=== PROMPT ===
Copy the final lines exactly, starting at the one that contains "Mono-PERC于2014" and ending with the last line of the listing below. Pictures are not part of the copy.

=== GIVEN INFORMATION ===
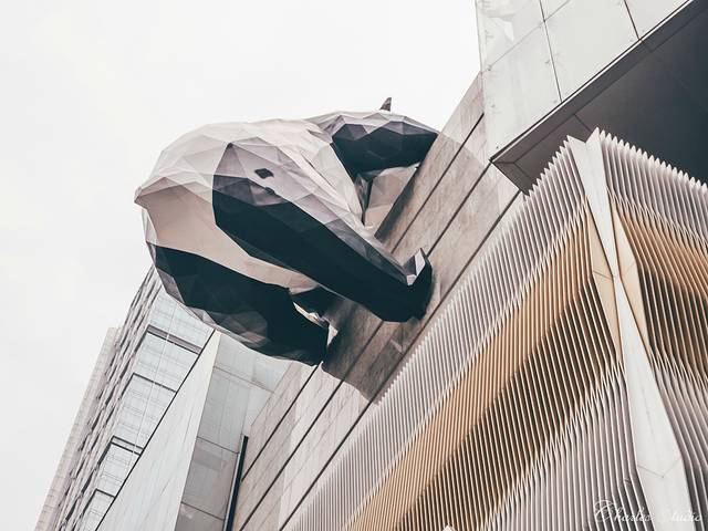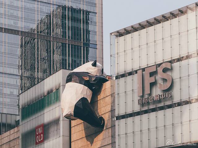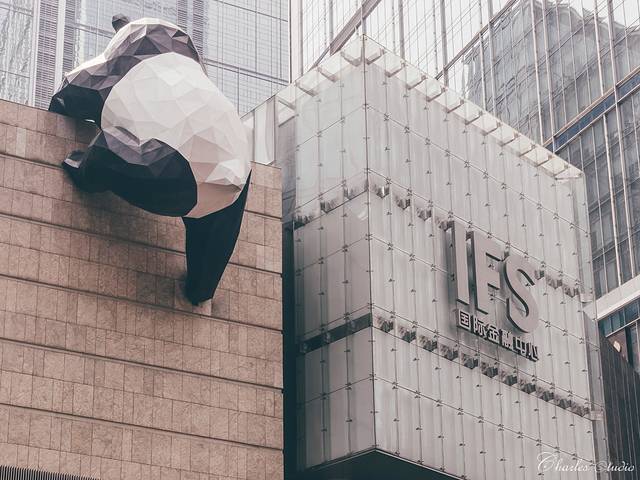 同样的在春熙路,我会感受到另外一番景象。每个人都急匆匆的行走在写字楼之间,即使是聊天也是快步行走,转眼就消失在了眼前。而最为悠闲的就要属于这只趴在墙上的宝贝大熊猫了。无论你如何来去匆匆,我自岿然不动!
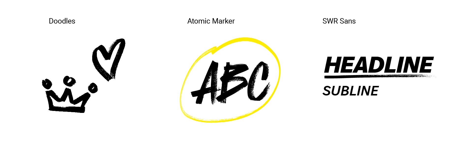 Ergänzt werden diese durch neue grafische Tools zur gezielten Schärfung des Designs. Diese Elemente im Handmade Style (Doodles, Brushes, Pfeile) und eine ergänzende Schrift Atomic Marker transportieren den Marken-Spirit (live, laut, lässig) und sichern eine authentische Präsenz.
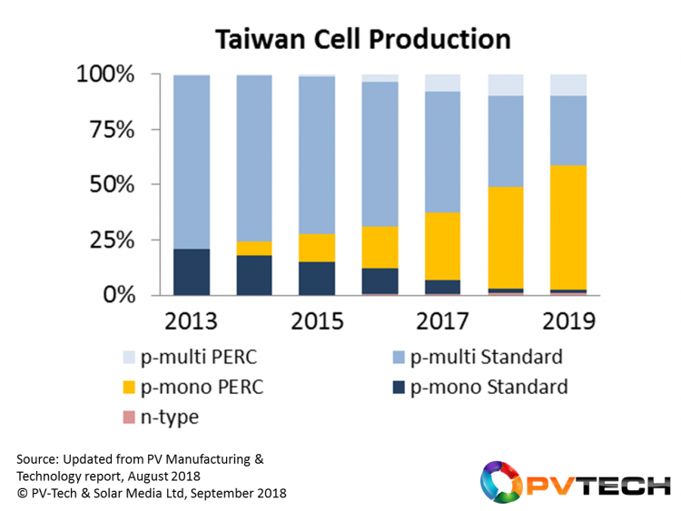 Mono-PERC于2014年在臺灣推出,但在2019年將成為主導電池類型,假設中國提供足夠的單晶圓供應。
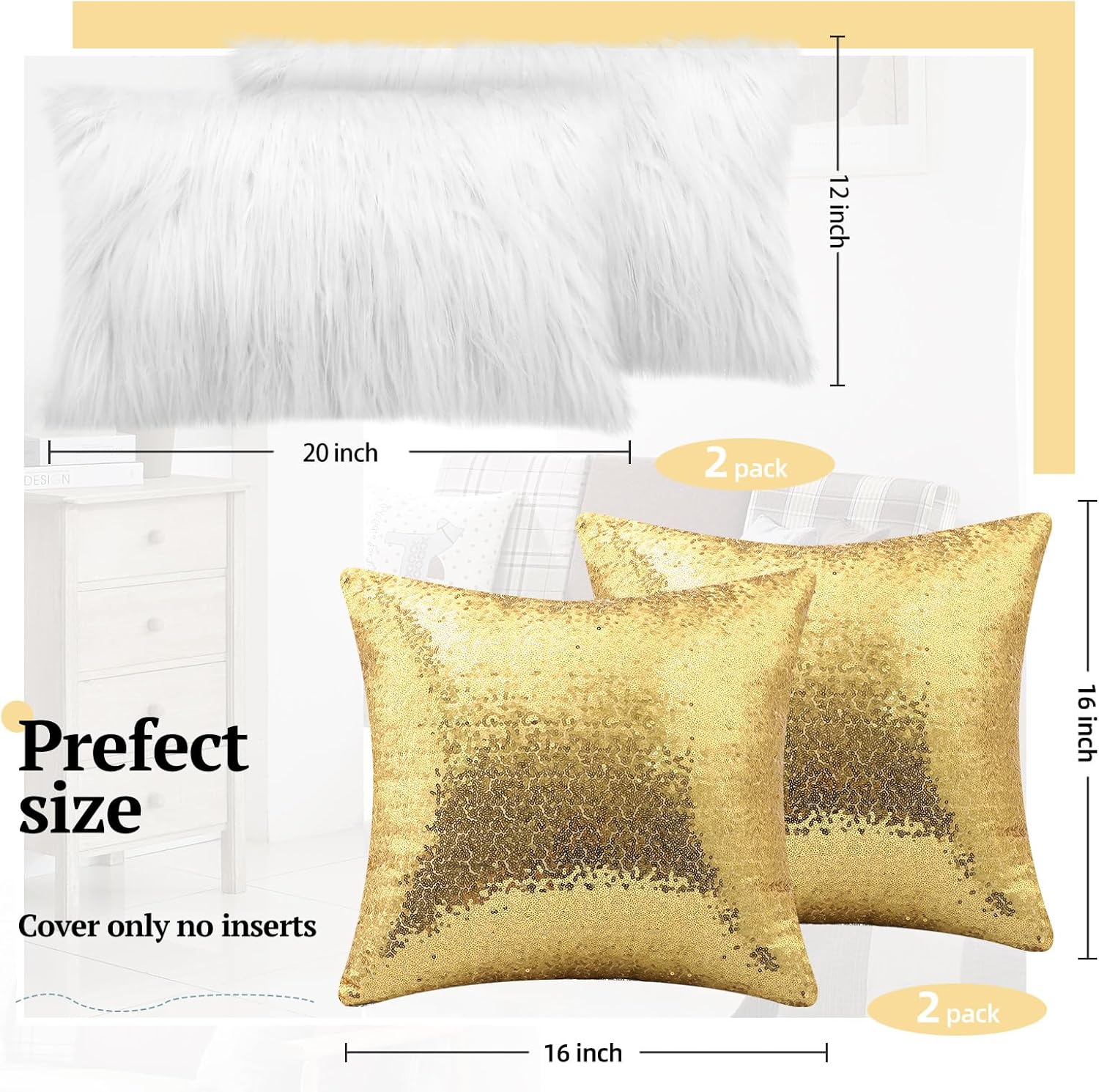 Irenare 4 Pcs Sequin and Fluffy Pillow Covers Winter Throw Pillow Cases Soft Cushion Cover for Couch Bed Sofa Xmas Day(18 x 18 Inch, 12 x 20 Inch,White, Gold)

=== SOLUTION BELOW ===
 Mono-PERC于2014年在臺灣推出,但在2019年將成為主導電池類型,假設中國提供足夠的單晶圓供應。
 Irenare 4 Pcs Sequin and Fluffy Pillow Covers Winter Throw Pillow Cases Soft Cushion Cover for Couch Bed Sofa Xmas Day(18 x 18 Inch, 12 x 20 Inch,White, Gold)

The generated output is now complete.